While electronic data has brought ease to healthcare, luxury comes with dangers. Privacy, security, accessibility and continuity are among the top. HIPAA and HITECH regulations are calling for greater protection measures for personal health information (PHI) and the EHR environment.

Pressure from regulators plus major advancements in disaster recovery methodologies makes it the ideal time to establish or revamp your disaster recovery plan with Disaster Recovery-as-a-Service (DRaaS). Healthcare providers are increasingly moving disaster recovery (DR) to the cloud because of the costs and personnel required to manage a DR solution internally that will actually work when needed.

The following are the five simple steps for achieving HIPAA contingency plan compliance with DRaaS:

1.     Establish procedures to create and maintain retrievable copies of electronic health information.

Data should be frequently backed up to a completely secure, off-site location. This will give you access to your data even in the event of a disaster. Newer, cloud-enabled replication technology called Continuous Data Protection (CDP) makes any new data and system update sync instantly in real-time to your designated off-site location to ensure no data is lost. There's also the option of using traditional backup technology to point your backup data to the cloud and store copies of the data in a secure, encrypted cloud-based repository.

To comply with HIPAA requirements, your DRaaS provider must also support continuous protection of your workload while recovering data off-site. 

2.     Establish procedures to restore any loss of data.

One of the most important parts of guarding your electronic data is organizing a plan for emergency data recovery. To do this, you should prepare a customized runbook for your disaster recovery plan that is regularly updated and tested as your organization evolves. This single document can ensure your organization's ability to quickly get back up and running.
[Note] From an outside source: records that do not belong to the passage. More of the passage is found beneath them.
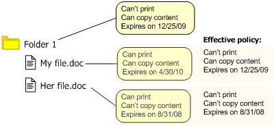 You cannot print My file.doc and Her file.doc because although their own policies allow printing, Folder 1 has a more restrictive policy, which does not allow printing.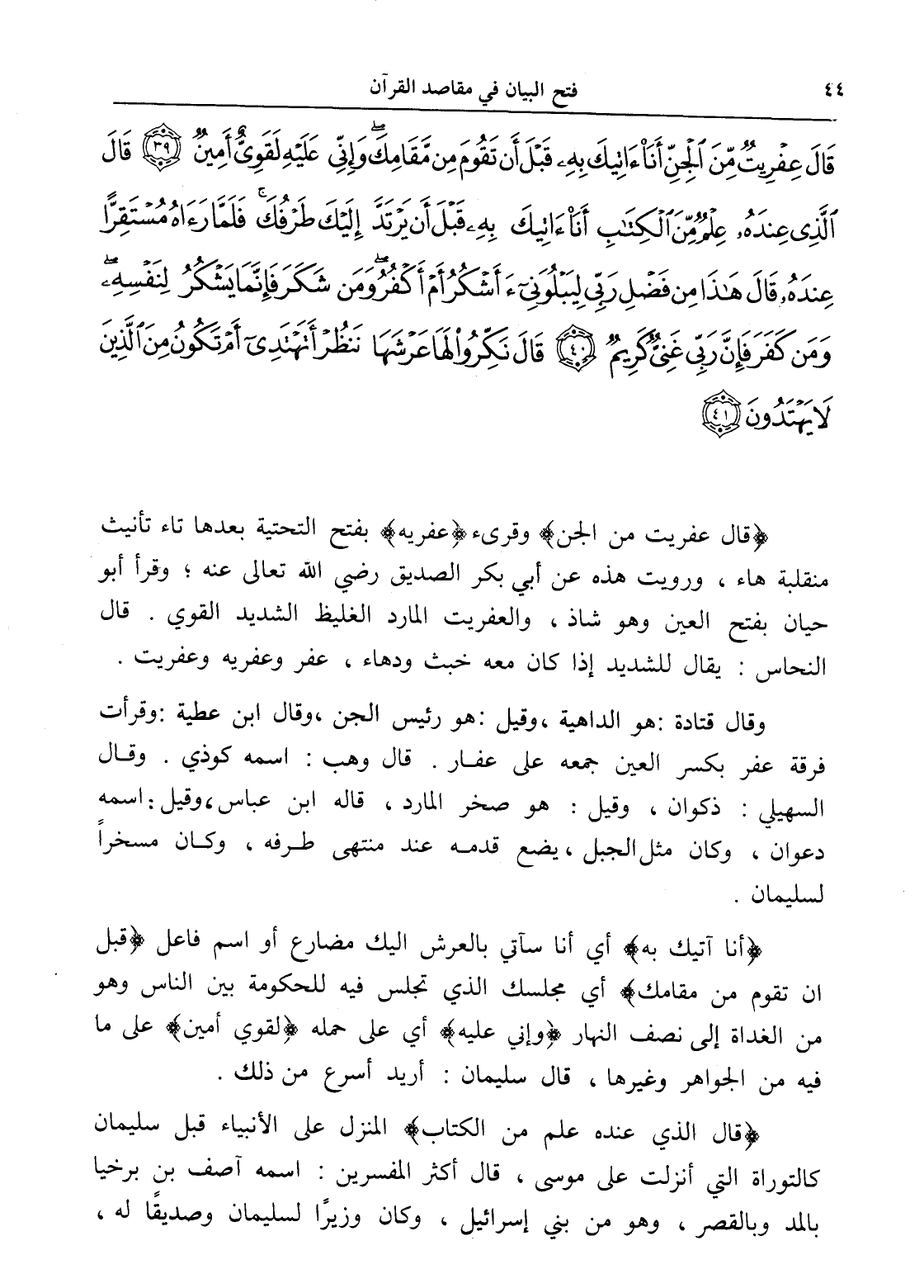 قَالَ عِفْرِيتٌ مِنَ الْجِنِّ أَنَا آتِيكَ بِهِ قَبْلَ أَنْ تَقُومَ مِنْ مَقَامِكَ وَإِنِّي عَلَيْهِ لَقَوِيٌّ أَمِينٌ (39) قَالَ الَّذِي عِنْدَهُ عِلْمٌ مِنَ الْكِتَابِ أَنَا آتِيكَ بِهِ قَبْلَ أَنْ يَرْتَدَّ إِلَيْكَ طَرْفُكَ فَلَمَّا رَآهُ مُسْتَقِرًّا عِنْدَهُ قَالَ هَذَا مِنْ فَضْلِ رَبِّي لِيَبْلُوَنِي أَأَشْكُرُ أَمْ أَكْفُرُ وَمَنْ شَكَرَ فَإِنَّمَا يَشْكُرُ لِنَفْسِهِ وَمَنْ كَفَرَ فَإِنَّ رَبِّي غَنِيٌّ كَرِيمٌ (40) قَالَ نَكِّرُوا لَهَا عَرْشَهَا نَنْظُرْ أَتَهْتَدِي أَمْ تَكُونُ مِنَ الَّذِينَ لَا يَهْتَدُونَ (41)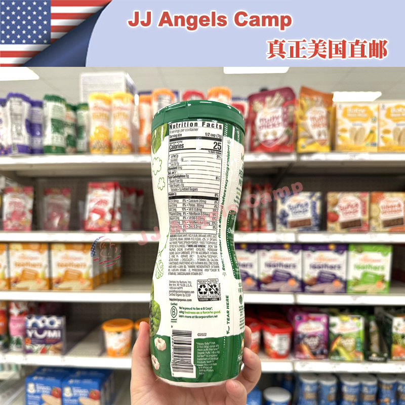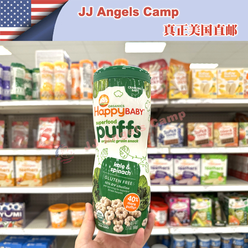 American Happy Baby Jubilee Organic Whole Wheat Fruit Puffs Vegetable Flavor Rich in Calcium, Iron and Zinc 60g

Be sure your team understands the procedures and processes of your disaster recovery plan, including how to access each application, its requirements for recovery and how it connects to other applications. Your DRaaS provider may offer assistance building your runbook, as well as provide training for your team.

3.     Create an emergency mode operation plan.

HIPAA requires an emergency mode operation plan that ensures your organization not only has an emergency plan, but can also operate securely in an emergency state. Certain DRaaS providers can enable your organization to run production and applications at a high level of security and efficiency at the DR site throughout an emergency. Depending on your provider, this level of security can be equal to or even higher than your day-to-day operations.

Although your team should have extensive training on executing your emergency mode operation plan, your DRaaS provider should be able to execute your runbook for data and application recovery in case your team cannot access key systems. Key items to work out beforehand include recovery point objectives (RPO) and recovery time objectives (RTO) as this will determine how far back your data is recovered and how quickly that recovered data will be fully accessible again.

4.     Complete periodic testing and revision of contingency plan.

In order to spot weaknesses and make adjustments to your contingency plan, be sure to regularly test your processes. With DRaaS, testing is more affordable and simpler than ever. This makes it easy to implement disaster recovery testing biannually, as recommended by standard IT best practices.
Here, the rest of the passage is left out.